Task to carry out
Would you transcribe the records below from the line with "This classic pendant" to the line with "M.C The Mainsstream", ends included, exactly and with nothing more, leaving the pictures out?

[Dataset items]
[Start of section]
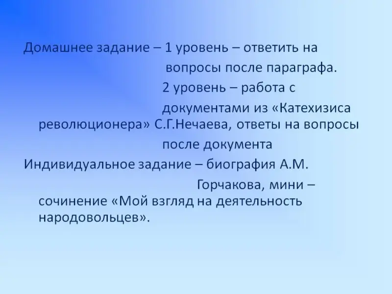 Индивидуальное задание - биография А.М. Горчакова, мини - сочинение «Мой взгляд на деятельность народовольцев».
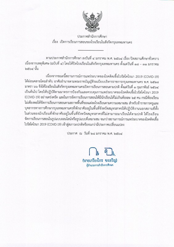 เรื่อง เปิดการเรียนการสอนของโรงเรียนสังกัดกรุงเทพมหานคร
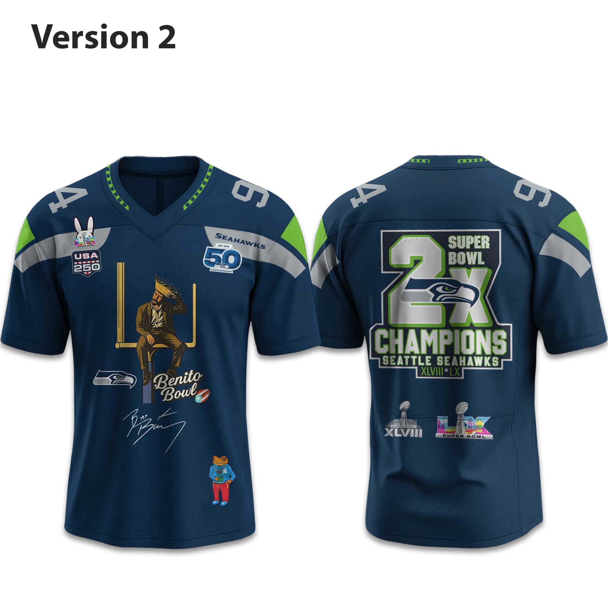 The discussion surrounding the Seahawks and Bad Bunny is heating up as fans envision a bold fusion of sporting heritage and the global musical influence associated with Super Bowl LX. This Seahawks 2X Super Bowl Champions 2026 x Bad Bunny Jersey reflects that shared energy—champion pride on one side, creative attitude on the other bringing two worlds together in a modern and exciting way.
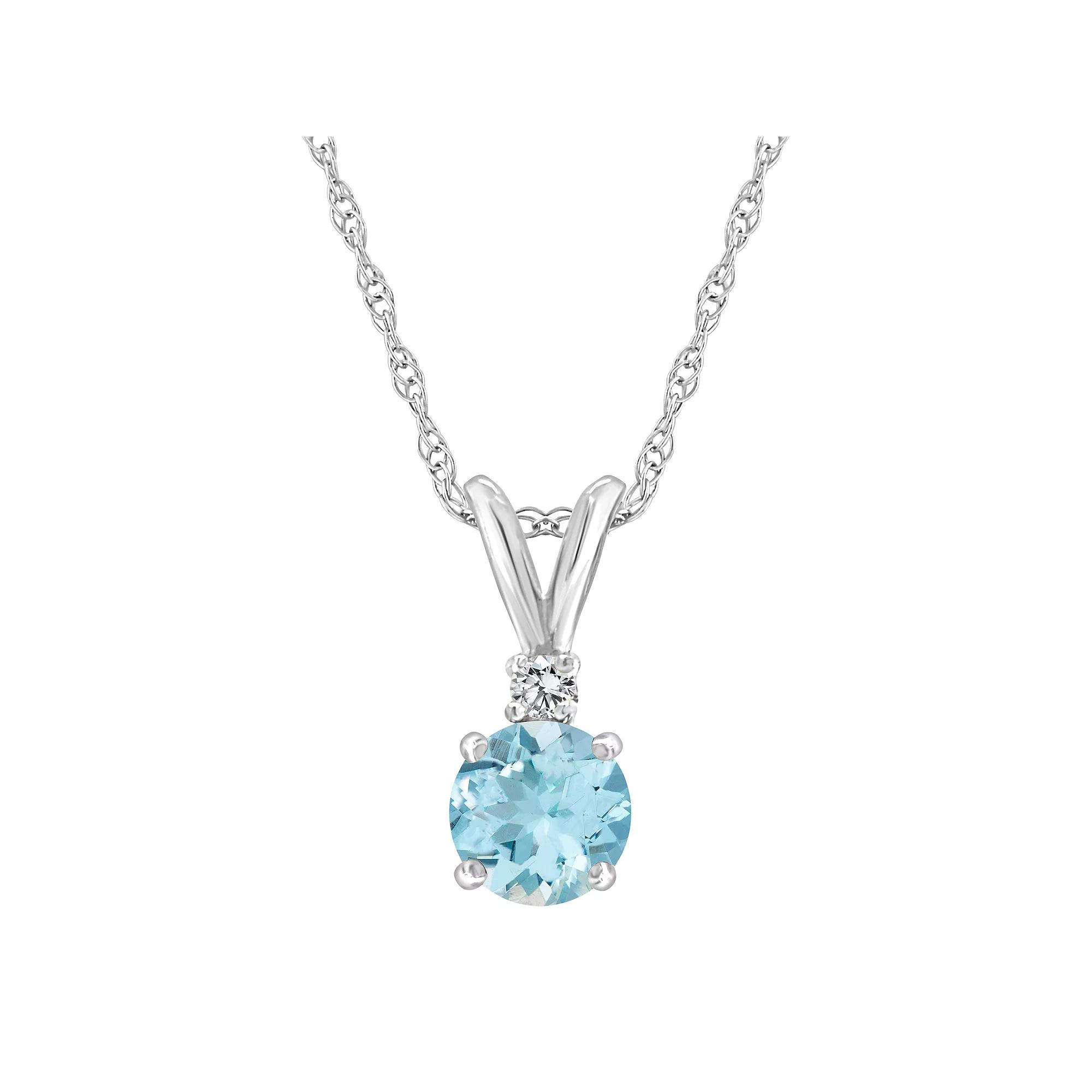 This classic pendant necklace features a beautiful 5mm Round Aquamarine accented by a single Diamond on top. Available in your choice of 14K White or Yellow Gold. | Belk & Co 14K Gold 5Mm Round Aquamarine Diamond Accent Pendant
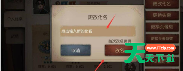 4、最后玩家在输入框输入自己想要改的昵称就可以了,第一次是免费的,后面改就需要改名卡了。
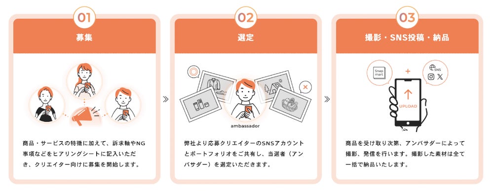 アンバサダープランとは、商品やサービスの撮影・発信を行うアンバサダーを募集し、企業独自の口コミ(SNS投稿)と撮影素材の大量収集を同時に実現するプランです。熱量が高く、リアルな視点での口コミは、SNS上でユーザーの共感を呼ぶことに繋がりファン層の拡大と育成に貢献します。納品した写真や動画、口コミ(SNS投稿)は、媒体不問で無期限に二次利用可能。SNS投稿や広告、Webサイトにご利用いただけます。
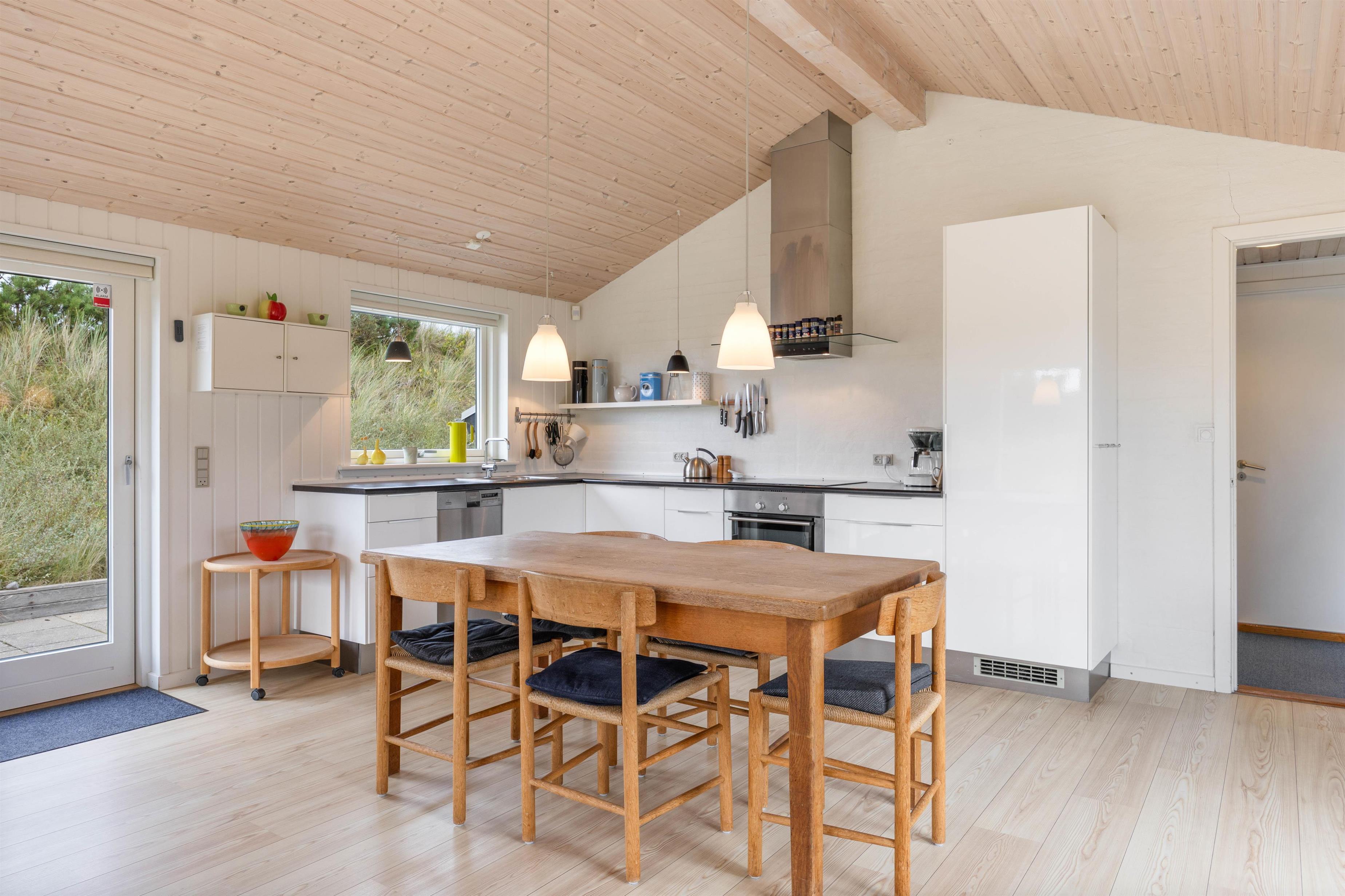 Når I træder ind på Lyngvejen 114, vil I straks blive mødt af et lyst og imødekommende indre med hvide vægge og varme træfarver. Store vinduer lukker den vestjyske natur ind og sørger for masser af lys i feriehjemmet.
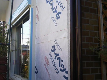 次にベニヤ板を貼り、その上に通気防水シート「タイベック」を貼ります。
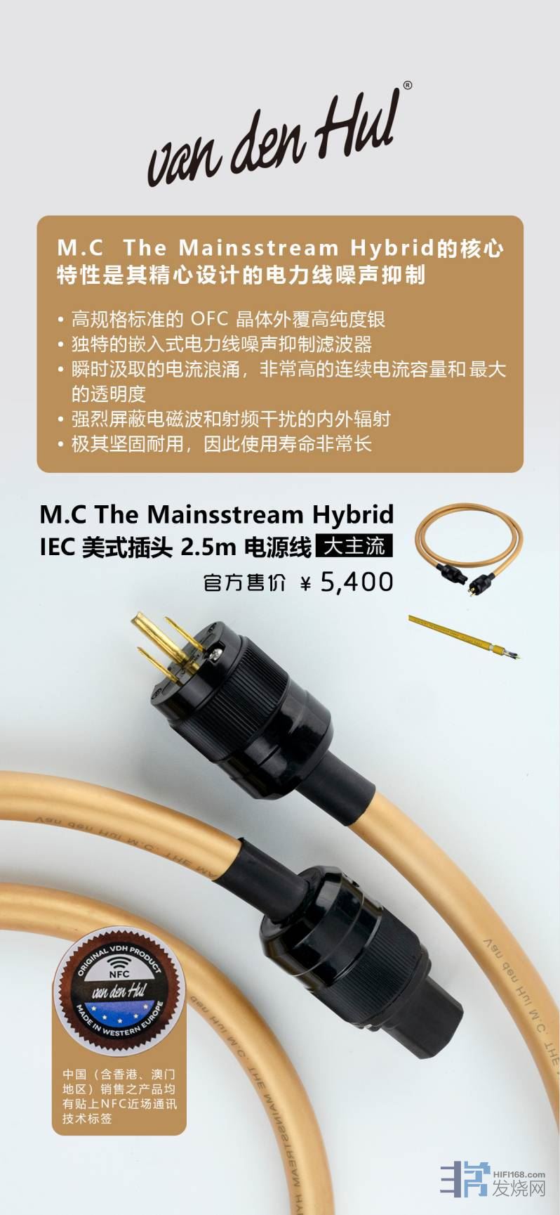 M.C The Mainsstream Hybrid 大主流 电源线是荷兰范登豪 V.D.H. 特制的高质量重量级电源线。线身采用高规格标准的 OFC 晶体外覆高纯度银。特别设计用来传送稳定的主电源到 high-end 影音系统以及其他专业的设备,同时也能传送无限制,低干扰的主电源电流。 大主流最重要的特征就是经过周密设计的干扰抑制特性 :首先,The MAINSSTREAM HYBRID 的特殊合成导体结构被设计作为一种植入性的电源线 滤波器。可有效的抑制高频率的电源干扰,而不会对电流的传输限制造成影响。不像一般常见的滤波器,The MAINSSTREAM HYBRID 没有使用任何滤波零件于串联的电流路径上,串联阻抗是几乎不存在的小,所以这线材可说是没有电流限制,共振,或是迟钝的反应,是一条川流不息,洁净的主电源。
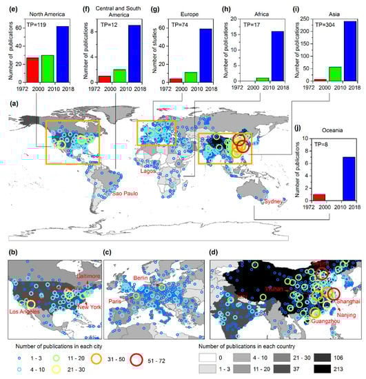 Geographic distribution of the selected SUHI literature based on the study location. (a) The number of studies per city (empty cycle) and country (background color), (b–d) the enlarged view of the SUHI publications in North America, Europe, and Asia, and (e–j) the number of publications in each continent. One study may cover a series of cities distributed in different countries and/or continents. Two global-scale studies [,] were not included in this summary since they did not specify the studied cities. Three regional-scale studies [,,] were not counted in the number of publications in each city (panels a to d) because they focused on the SUHIs of all cities in spite of city size. TP represents the total publications in each continent.
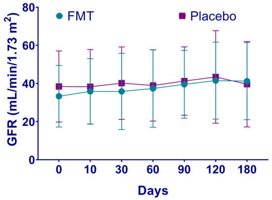 Mean baseline leukocytes levels were higher in patients in the FMT group compared to the placebo group (8.72 vs. 6.81 K/uL, p = 0.01, Table 1). Increased leukocytes values continued in the FMT group compared to the placebo group after days 10, 30 and up to 120 (p < 0.05, Supplementary Table S1). Glucose levels also increased in the FMT group after day 90 (123.39 vs. 99.54 mg/dL, p = 0.04, Supplementary Table S1) and up to 180 days post-treatment (127.23 vs. 94.85 mg/dL, p = 0.02, Supplementary Table S1). Blood urea nitrogen showed differences only on day 10 after treatment and was higher than the placebo group (40.93 vs. 30.31 mg/dL, p = 0.04, Supplementary Table S1). Uric acid baseline levels were also higher in the FMT group (7.79 vs. 6.27 mg/dL, p = 0.02), which decreased from day 10 to day 180 (p = 0.02) compared to the placebo group (6.21 vs. 7.28 mg/dL, p = 0.04, Supplementary Table S1). CRP was higher in the FMT group compared to the placebo group on day 120 (0.88 vs. 0.57 mg/dL, p = 0.04, Supplementary Table S1). In contrast, mean baseline bicarbonate (HCO3) values were lower in the FMT group compared to the placebo group (22.98 vs. 26.32 mEq/L, p = 0.008), which continued to day 60 (20.99 vs. 24.46 mEq/L, p = 0.002, Supplementary Table S1) and to day 180 (20.85 vs. 24.54 mEq/L, p = 0.01, Supplementary Table S1). Hemoglobin, platelets, 24-h urine protein, creatinine clearance, serum creatinine, potassium, and phosphorus levels did not show statistical differences between the groups throughout the study. From baseline to day 180, 24-h urine protein increased slightly in the FMT group (2.05 vs. 3.01 g/24 h) compared to the placebo group (1.67 vs. 2.34 g/24 h) and phosphorus levels increased in the placebo group (4.14 vs. 4.39 mg/dL) unlike in the FMT group (4.20 vs. 4.22 mg/dL), although not statistically. The COOP/WONCA test for quality of life did not show differences between the groups. The GFR was lower in the placebo group compared to the FMT group, although not statistically. The estimates of the GFR of patients in the FMT group showed a tendency to increase from the baseline to day 180 (average 34.58 vs. 41.23 mL/min/1.73 m2), suggesting lower CKD progression. Instead, the estimates of the GFR of patients in the placebo group did not show a tendency to increase (average 38.43 vs. 39.61 mL/min/1.73 m2), suggesting CKD progression. In particular, the progression of CKD expressed as a decrease in the GFR > 1 mL/min/1.73 m2 was noted in two (13.3%) patients treated with FMT compared to seven (53.8%) patients in the placebo group (p = 0.04, Figure 2).
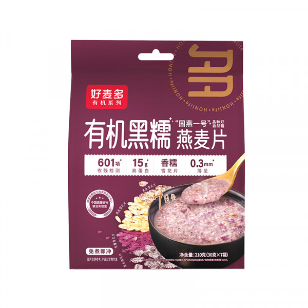 (巨邦佑)T+ (yp)好麦多农科院推荐有机即食八珍燕麦片高纤维无0添加蔗糖冲饮代早餐营养 有机黑糯燕麦片 210g*3 (富含花青素)
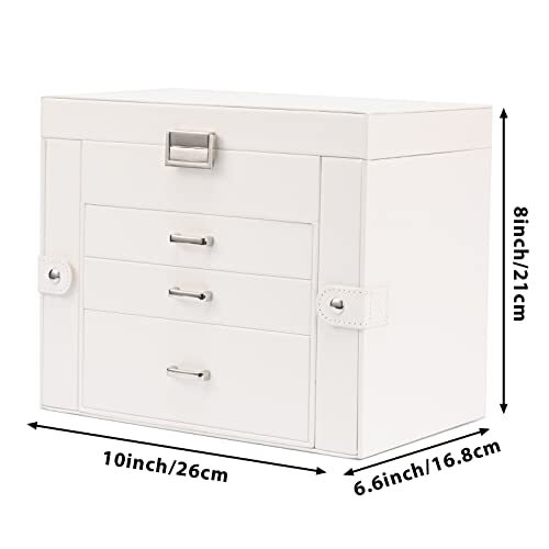 Return Policy Fast Delivery Trusted seller Jewelry Box for Women 4-layer Leather Large Jewelry Organizer Box with Drawers&Mirror for Necklace/Ring/Earring/Watch Storage (White) Product Description 【Large Capacity】4-layer Leather jewelry box measures 10.4 x 5.9 x 11 inches and has an elegant and fashionable appearance. It is suitable for use on dressing tables, bathrooms, and in professional powder rooms. Its sturdy structure and high-quality materials make it durable, and the practical handle allows for easy carrying. 【Lid Designed with Mirror】 Large-capacity jewelry box has 4 pull-out drawers, providing a total of 5 layers of storage space, enough to hold all of your jewelry. The two side necklace storage areas have 16 hooks and 4 pockets in total to keep necklaces from tangling. The top storage area has a mirror for convenient jewelry trying-on. The lid has a ribbon attached to prevent it from falling. 【Flexible Partition】Jewelry organizer has earring boards, ring card slots, watch pillows, and drawers for glasses storage. Watches, necklaces, earrings, brooches, hair accessories, sunglasses, etc. can all be stored separately. Some partitions can be moved and disassembled, and the flexible design allows for customization to meet personal needs. 【High Quality】Jewelry storage organizer is made of environmentally friendly, high-quality faux leather that is dirt-resistant, waterproof, and easy to clean. The inner lining is soft velvet fabric that protects jewelry from scratches and damage. The top layer has a metal lock, and each drawer has a metal handle. The high-quality hardware does not leave fingerprints, making it more convenient and sophisticated to use. 【Ideal Gift for Women】Jewelry box for women is the perfect gift for Valentine's Day, Mother's Day, Thanksgiving, Christmas, birthdays, and weddings. It is a great gift for women, girls, mothers, and wives. If you have any questions about the product, you can get help at any time by ing on the seller's name behind "sold by" at the bottom of the shopping cart. Shipping Returns Payment Shipping Shipping is FREE to all addresses other than APO/PO boxes in the lower 48 states. All our stock ships from US-based warehouses. Shipped via USPS or UPS (depending on location and package weight) Unless stated otherwise, all orders will ship within 24-72 hours of your payment being processed. Check our feedback to see the great reviews of FAST shipping we offer. Returns Seller does not accept returns Payment We currently accept payment via eBay managed payments only. Once payment is cleared, we will dispatch your shipment within 1-3 business days. Please refer to the "Shipping" tab for more information regarding shipping speed to your destination.
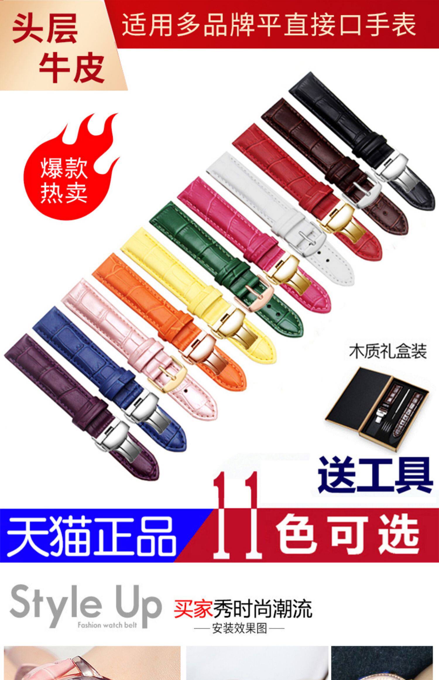 真皮手表带男女适配芙丽卡西欧飞亚达表链 (头层小牛皮+柔软舒适+送工具)真皮手表带女,适配芙丽表带,通用腕带蝴蝶针扣配件男。【赠运费险】 29.9 39.9 https://img.alicdn.com/imgextra/i2/3335768294/O1CN013yBuX72B8hZD7mycp_!!3335768294.jpg 天猫 400 10
[End of section]
Worked solution
 This classic pendant necklace features a beautiful 5mm Round Aquamarine accented by a single Diamond on top. Available in your choice of 14K White or Yellow Gold. | Belk & Co 14K Gold 5Mm Round Aquamarine Diamond Accent Pendant
 4、最后玩家在输入框输入自己想要改的昵称就可以了,第一次是免费的,后面改就需要改名卡了。
 アンバサダープランとは、商品やサービスの撮影・発信を行うアンバサダーを募集し、企業独自の口コミ(SNS投稿)と撮影素材の大量収集を同時に実現するプランです。熱量が高く、リアルな視点での口コミは、SNS上でユーザーの共感を呼ぶことに繋がりファン層の拡大と育成に貢献します。納品した写真や動画、口コミ(SNS投稿)は、媒体不問で無期限に二次利用可能。SNS投稿や広告、Webサイトにご利用いただけます。
 Når I træder ind på Lyngvejen 114, vil I straks blive mødt af et lyst og imødekommende indre med hvide vægge og varme træfarver. Store vinduer lukker den vestjyske natur ind og sørger for masser af lys i feriehjemmet.
 次にベニヤ板を貼り、その上に通気防水シート「タイベック」を貼ります。
 M.C The Mainsstream Hybrid 大主流 电源线是荷兰范登豪 V.D.H. 特制的高质量重量级电源线。线身采用高规格标准的 OFC 晶体外覆高纯度银。特别设计用来传送稳定的主电源到 high-end 影音系统以及其他专业的设备,同时也能传送无限制,低干扰的主电源电流。 大主流最重要的特征就是经过周密设计的干扰抑制特性 :首先,The MAINSSTREAM HYBRID 的特殊合成导体结构被设计作为一种植入性的电源线 滤波器。可有效的抑制高频率的电源干扰,而不会对电流的传输限制造成影响。不像一般常见的滤波器,The MAINSSTREAM HYBRID 没有使用任何滤波零件于串联的电流路径上,串联阻抗是几乎不存在的小,所以这线材可说是没有电流限制,共振,或是迟钝的反应,是一条川流不息,洁净的主电源。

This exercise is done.